# Your objective
Copy exactly the lines of the data below that run from the line holding "Napomena: Poslovi.infostud.com ne" through the line holding "Figure 15 shows", both ends included.

# Excerpted data
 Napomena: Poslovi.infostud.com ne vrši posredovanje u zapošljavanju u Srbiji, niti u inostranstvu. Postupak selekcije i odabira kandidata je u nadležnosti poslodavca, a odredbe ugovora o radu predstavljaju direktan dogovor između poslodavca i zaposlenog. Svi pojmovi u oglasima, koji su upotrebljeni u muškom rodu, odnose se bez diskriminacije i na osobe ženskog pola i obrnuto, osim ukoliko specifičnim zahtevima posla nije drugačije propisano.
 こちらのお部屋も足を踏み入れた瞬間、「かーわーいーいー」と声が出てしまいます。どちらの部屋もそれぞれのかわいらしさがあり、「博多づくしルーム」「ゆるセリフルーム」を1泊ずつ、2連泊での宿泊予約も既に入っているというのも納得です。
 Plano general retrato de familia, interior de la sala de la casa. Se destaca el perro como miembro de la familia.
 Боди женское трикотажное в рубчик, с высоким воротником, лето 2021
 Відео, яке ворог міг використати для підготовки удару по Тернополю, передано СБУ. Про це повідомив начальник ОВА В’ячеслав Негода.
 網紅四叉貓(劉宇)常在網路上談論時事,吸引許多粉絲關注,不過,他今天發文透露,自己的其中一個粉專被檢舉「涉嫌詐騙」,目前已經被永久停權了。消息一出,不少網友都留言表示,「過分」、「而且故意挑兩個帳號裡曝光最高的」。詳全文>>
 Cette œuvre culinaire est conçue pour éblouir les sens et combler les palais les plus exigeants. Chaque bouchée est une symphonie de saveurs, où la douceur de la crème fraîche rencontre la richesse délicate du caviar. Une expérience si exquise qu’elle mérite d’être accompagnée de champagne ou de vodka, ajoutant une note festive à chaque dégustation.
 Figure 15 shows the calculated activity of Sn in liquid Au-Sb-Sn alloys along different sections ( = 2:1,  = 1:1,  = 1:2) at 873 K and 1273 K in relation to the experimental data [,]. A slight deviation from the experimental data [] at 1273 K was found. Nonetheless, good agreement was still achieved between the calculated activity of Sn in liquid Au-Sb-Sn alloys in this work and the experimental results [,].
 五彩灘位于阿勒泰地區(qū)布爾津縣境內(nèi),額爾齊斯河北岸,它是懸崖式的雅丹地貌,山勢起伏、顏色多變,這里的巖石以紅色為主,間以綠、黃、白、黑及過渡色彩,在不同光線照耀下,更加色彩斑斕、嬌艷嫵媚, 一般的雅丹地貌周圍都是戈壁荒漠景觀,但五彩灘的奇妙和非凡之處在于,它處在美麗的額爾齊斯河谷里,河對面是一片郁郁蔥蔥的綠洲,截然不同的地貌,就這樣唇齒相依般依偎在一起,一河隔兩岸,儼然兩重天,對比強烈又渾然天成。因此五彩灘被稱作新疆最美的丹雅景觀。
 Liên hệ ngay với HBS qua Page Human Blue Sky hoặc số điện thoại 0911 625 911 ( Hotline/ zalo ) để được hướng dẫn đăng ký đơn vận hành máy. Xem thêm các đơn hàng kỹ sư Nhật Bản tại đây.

==

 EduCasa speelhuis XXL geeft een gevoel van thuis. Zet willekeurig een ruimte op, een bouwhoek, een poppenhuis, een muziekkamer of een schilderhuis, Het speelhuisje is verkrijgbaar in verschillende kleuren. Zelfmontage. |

# Task output
 Napomena: Poslovi.infostud.com ne vrši posredovanje u zapošljavanju u Srbiji, niti u inostranstvu. Postupak selekcije i odabira kandidata je u nadležnosti poslodavca, a odredbe ugovora o radu predstavljaju direktan dogovor između poslodavca i zaposlenog. Svi pojmovi u oglasima, koji su upotrebljeni u muškom rodu, odnose se bez diskriminacije i na osobe ženskog pola i obrnuto, osim ukoliko specifičnim zahtevima posla nije drugačije propisano.
 こちらのお部屋も足を踏み入れた瞬間、「かーわーいーいー」と声が出てしまいます。どちらの部屋もそれぞれのかわいらしさがあり、「博多づくしルーム」「ゆるセリフルーム」を1泊ずつ、2連泊での宿泊予約も既に入っているというのも納得です。
 Plano general retrato de familia, interior de la sala de la casa. Se destaca el perro como miembro de la familia.
 Боди женское трикотажное в рубчик, с высоким воротником, лето 2021
 Відео, яке ворог міг використати для підготовки удару по Тернополю, передано СБУ. Про це повідомив начальник ОВА В’ячеслав Негода.
 網紅四叉貓(劉宇)常在網路上談論時事,吸引許多粉絲關注,不過,他今天發文透露,自己的其中一個粉專被檢舉「涉嫌詐騙」,目前已經被永久停權了。消息一出,不少網友都留言表示,「過分」、「而且故意挑兩個帳號裡曝光最高的」。詳全文>>
 Cette œuvre culinaire est conçue pour éblouir les sens et combler les palais les plus exigeants. Chaque bouchée est une symphonie de saveurs, où la douceur de la crème fraîche rencontre la richesse délicate du caviar. Une expérience si exquise qu’elle mérite d’être accompagnée de champagne ou de vodka, ajoutant une note festive à chaque dégustation.
 Figure 15 shows the calculated activity of Sn in liquid Au-Sb-Sn alloys along different sections ( = 2:1,  = 1:1,  = 1:2) at 873 K and 1273 K in relation to the experimental data [,]. A slight deviation from the experimental data [] at 1273 K was found. Nonetheless, good agreement was still achieved between the calculated activity of Sn in liquid Au-Sb-Sn alloys in this work and the experimental results [,].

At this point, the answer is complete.